_Directions for this task_
Could you retype exactly the lines below between the one holding "Các đồng chí" and the one holding "Uruguay. Issued 1", inclusive, leaving out any pictures?

_Records supplied_
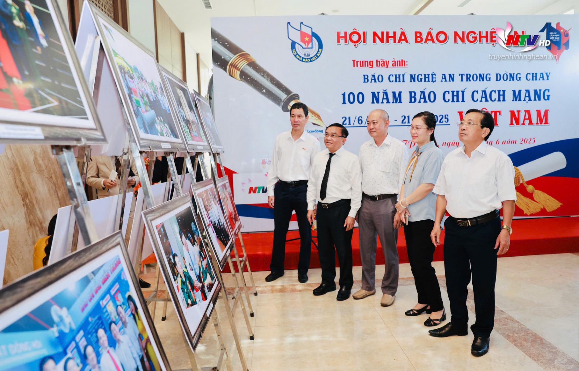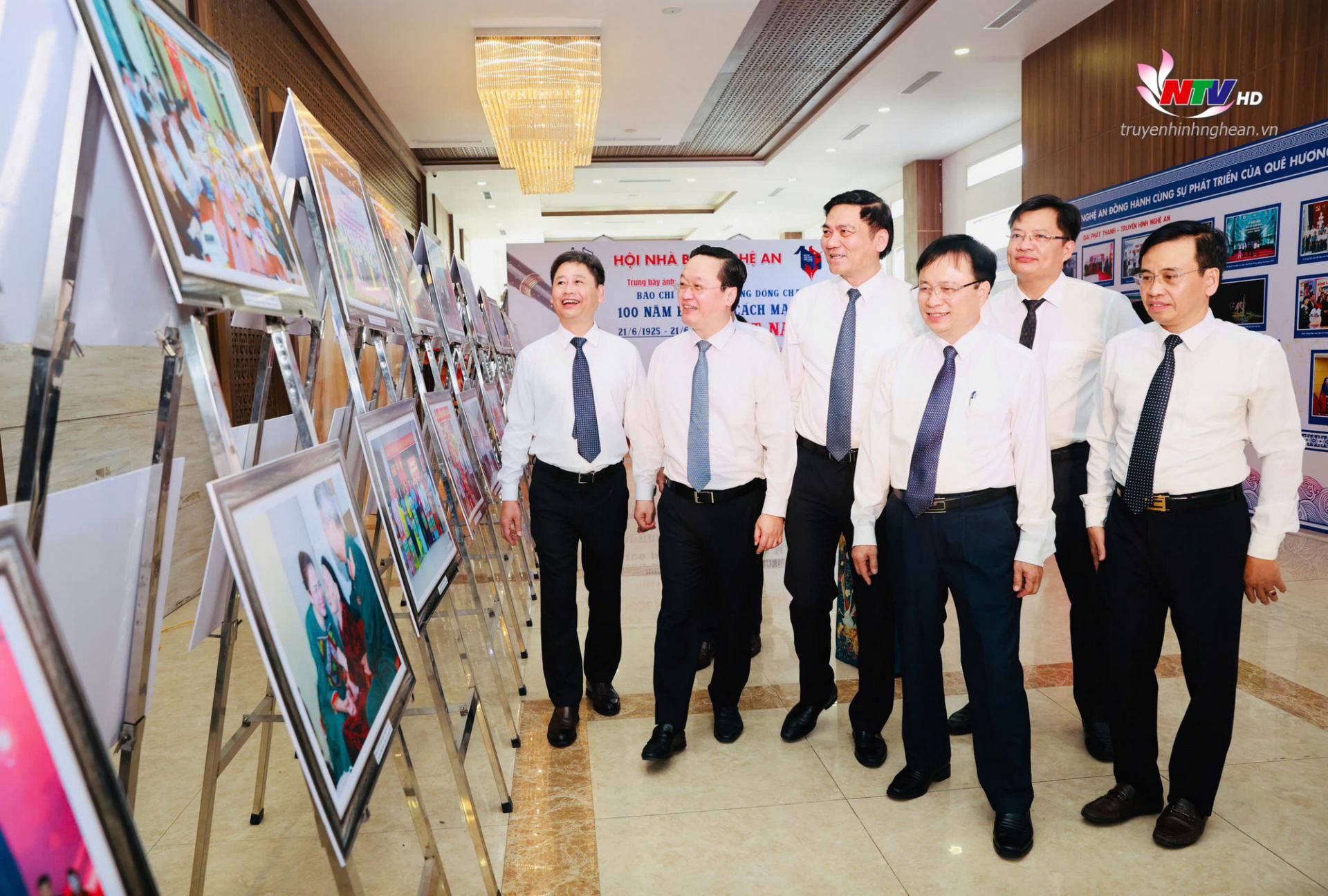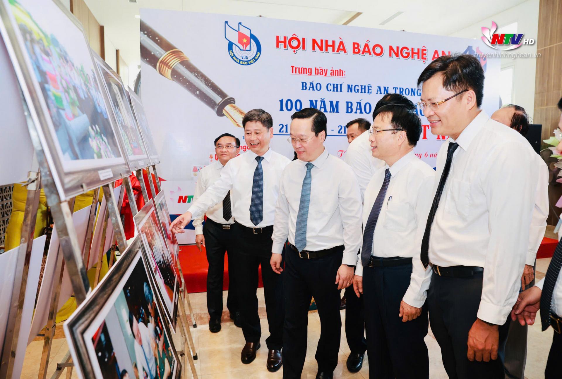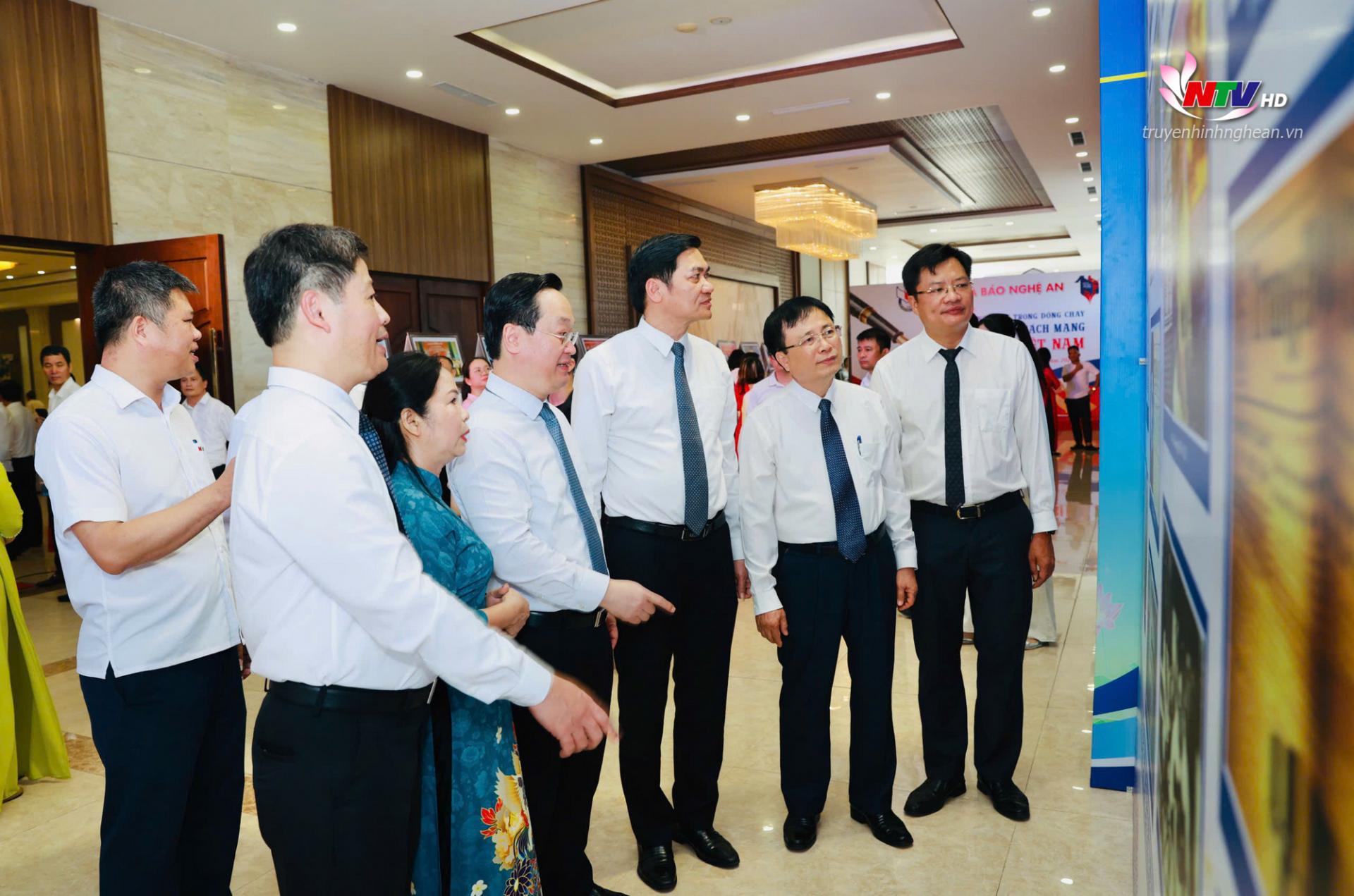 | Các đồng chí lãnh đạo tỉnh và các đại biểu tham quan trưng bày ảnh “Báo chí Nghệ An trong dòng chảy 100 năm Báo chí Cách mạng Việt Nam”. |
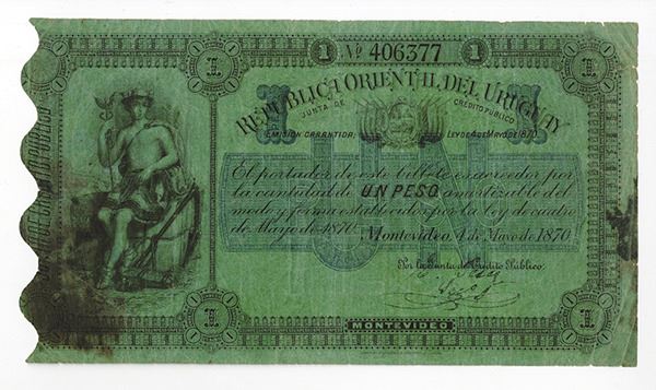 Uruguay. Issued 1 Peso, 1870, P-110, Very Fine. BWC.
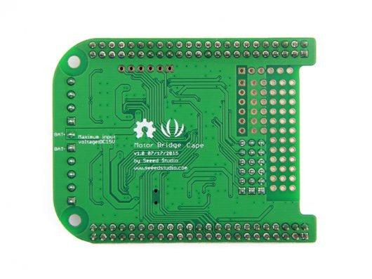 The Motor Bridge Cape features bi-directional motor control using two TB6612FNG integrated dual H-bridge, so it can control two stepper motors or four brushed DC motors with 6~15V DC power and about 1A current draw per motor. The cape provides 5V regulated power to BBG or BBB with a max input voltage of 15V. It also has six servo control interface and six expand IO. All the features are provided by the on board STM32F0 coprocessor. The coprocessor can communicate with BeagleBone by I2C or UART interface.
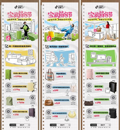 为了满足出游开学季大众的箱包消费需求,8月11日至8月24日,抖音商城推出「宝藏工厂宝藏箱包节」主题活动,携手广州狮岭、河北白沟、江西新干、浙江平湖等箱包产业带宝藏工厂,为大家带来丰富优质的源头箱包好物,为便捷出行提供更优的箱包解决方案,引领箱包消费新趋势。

* * *

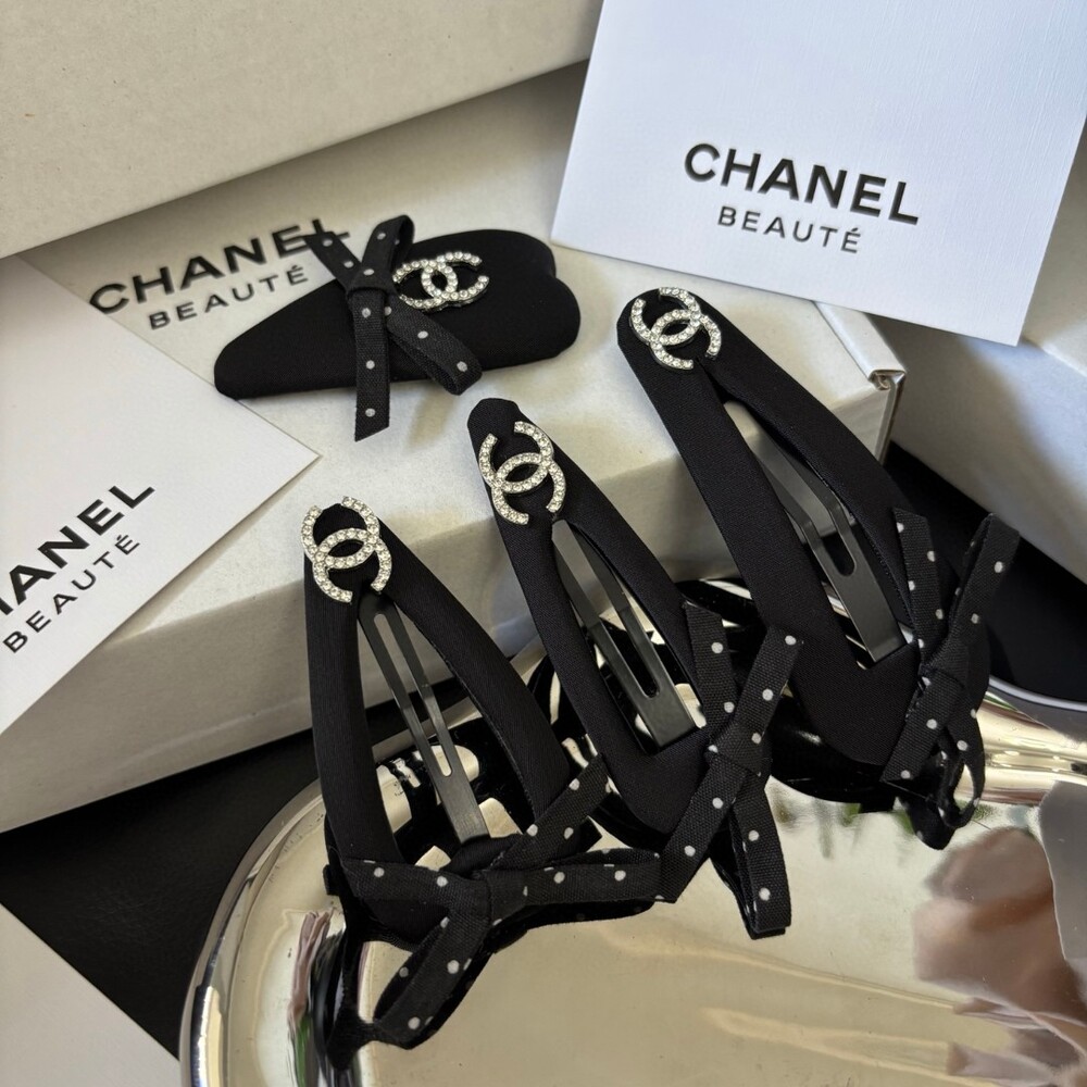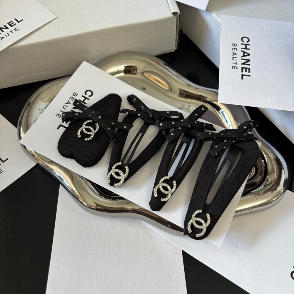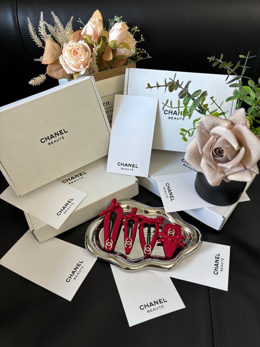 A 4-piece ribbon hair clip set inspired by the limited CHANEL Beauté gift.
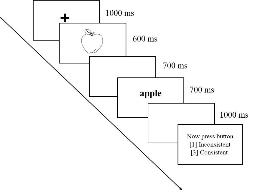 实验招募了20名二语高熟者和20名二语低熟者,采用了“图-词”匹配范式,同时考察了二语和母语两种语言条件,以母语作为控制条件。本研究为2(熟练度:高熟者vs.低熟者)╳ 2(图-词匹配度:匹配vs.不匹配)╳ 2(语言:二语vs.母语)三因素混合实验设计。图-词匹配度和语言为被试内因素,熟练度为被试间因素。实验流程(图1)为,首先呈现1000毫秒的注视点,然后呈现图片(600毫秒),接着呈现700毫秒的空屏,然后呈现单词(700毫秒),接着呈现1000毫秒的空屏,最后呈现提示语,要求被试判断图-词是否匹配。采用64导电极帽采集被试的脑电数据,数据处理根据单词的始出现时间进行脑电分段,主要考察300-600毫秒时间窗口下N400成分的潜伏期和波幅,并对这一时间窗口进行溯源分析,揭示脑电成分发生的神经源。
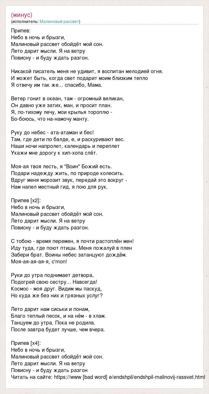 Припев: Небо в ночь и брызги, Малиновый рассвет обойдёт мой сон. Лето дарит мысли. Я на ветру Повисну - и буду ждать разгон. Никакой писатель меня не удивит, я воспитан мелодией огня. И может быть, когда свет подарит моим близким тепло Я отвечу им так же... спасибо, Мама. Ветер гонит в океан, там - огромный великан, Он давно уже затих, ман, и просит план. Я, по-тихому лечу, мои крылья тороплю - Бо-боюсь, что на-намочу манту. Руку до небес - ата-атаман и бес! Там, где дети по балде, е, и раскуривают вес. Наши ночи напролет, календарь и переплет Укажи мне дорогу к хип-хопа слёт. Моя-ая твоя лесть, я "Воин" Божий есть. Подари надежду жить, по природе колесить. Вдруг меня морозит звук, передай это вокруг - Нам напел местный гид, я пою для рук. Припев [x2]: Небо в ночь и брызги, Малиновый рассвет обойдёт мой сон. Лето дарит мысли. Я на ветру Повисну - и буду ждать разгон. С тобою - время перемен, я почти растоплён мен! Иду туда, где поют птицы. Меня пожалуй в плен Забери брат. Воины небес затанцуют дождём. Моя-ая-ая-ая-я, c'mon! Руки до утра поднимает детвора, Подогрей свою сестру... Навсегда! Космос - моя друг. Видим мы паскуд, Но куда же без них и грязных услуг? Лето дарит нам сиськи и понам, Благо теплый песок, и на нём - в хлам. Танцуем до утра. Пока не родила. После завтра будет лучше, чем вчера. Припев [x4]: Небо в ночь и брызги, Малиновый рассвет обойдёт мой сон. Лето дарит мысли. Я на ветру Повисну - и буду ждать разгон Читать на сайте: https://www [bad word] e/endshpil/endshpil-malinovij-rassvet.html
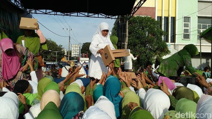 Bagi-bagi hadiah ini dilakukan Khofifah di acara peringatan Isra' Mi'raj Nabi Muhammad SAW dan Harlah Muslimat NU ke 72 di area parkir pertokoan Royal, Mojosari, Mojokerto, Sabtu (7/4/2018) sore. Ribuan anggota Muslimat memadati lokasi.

---

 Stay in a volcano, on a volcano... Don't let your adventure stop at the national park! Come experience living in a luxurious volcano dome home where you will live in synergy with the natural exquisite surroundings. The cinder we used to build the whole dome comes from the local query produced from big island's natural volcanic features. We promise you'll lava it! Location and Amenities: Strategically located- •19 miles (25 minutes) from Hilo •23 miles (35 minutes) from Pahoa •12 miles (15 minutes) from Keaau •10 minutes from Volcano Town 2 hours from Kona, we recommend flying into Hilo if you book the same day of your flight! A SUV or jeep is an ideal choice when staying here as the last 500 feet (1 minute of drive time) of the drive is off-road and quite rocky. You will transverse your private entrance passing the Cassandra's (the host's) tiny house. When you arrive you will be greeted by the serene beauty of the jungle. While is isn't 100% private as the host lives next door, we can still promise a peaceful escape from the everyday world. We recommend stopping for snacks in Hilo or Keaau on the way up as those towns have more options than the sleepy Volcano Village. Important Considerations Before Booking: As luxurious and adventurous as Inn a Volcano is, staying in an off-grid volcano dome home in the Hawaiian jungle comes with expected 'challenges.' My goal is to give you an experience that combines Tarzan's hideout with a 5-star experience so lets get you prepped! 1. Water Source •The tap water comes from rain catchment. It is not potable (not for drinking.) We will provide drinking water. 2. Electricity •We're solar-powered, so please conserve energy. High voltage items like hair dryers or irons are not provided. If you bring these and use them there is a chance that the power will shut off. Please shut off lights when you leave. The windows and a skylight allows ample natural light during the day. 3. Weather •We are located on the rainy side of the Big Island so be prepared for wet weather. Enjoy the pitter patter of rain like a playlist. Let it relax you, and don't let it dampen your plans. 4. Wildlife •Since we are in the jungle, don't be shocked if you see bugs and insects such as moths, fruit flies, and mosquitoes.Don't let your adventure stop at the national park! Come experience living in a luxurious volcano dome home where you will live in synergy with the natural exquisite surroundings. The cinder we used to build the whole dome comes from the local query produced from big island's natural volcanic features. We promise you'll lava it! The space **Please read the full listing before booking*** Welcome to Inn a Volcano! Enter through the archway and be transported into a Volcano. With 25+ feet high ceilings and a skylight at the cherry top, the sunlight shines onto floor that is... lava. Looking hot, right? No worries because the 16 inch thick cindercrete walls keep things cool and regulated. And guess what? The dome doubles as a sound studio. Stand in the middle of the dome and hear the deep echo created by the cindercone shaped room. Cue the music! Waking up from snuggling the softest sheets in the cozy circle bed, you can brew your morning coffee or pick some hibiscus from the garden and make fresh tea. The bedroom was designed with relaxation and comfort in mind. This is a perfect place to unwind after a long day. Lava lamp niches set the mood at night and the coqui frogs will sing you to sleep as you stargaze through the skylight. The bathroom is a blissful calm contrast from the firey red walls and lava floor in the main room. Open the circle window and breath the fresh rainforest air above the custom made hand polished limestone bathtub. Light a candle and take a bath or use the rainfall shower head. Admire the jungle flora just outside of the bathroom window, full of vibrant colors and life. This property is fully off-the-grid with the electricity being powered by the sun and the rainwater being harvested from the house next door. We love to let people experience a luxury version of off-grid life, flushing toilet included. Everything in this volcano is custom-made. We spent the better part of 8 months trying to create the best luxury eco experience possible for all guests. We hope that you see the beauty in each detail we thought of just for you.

_Problem solution_
 | Các đồng chí lãnh đạo tỉnh và các đại biểu tham quan trưng bày ảnh “Báo chí Nghệ An trong dòng chảy 100 năm Báo chí Cách mạng Việt Nam”. |
 Uruguay. Issued 1 Peso, 1870, P-110, Very Fine. BWC.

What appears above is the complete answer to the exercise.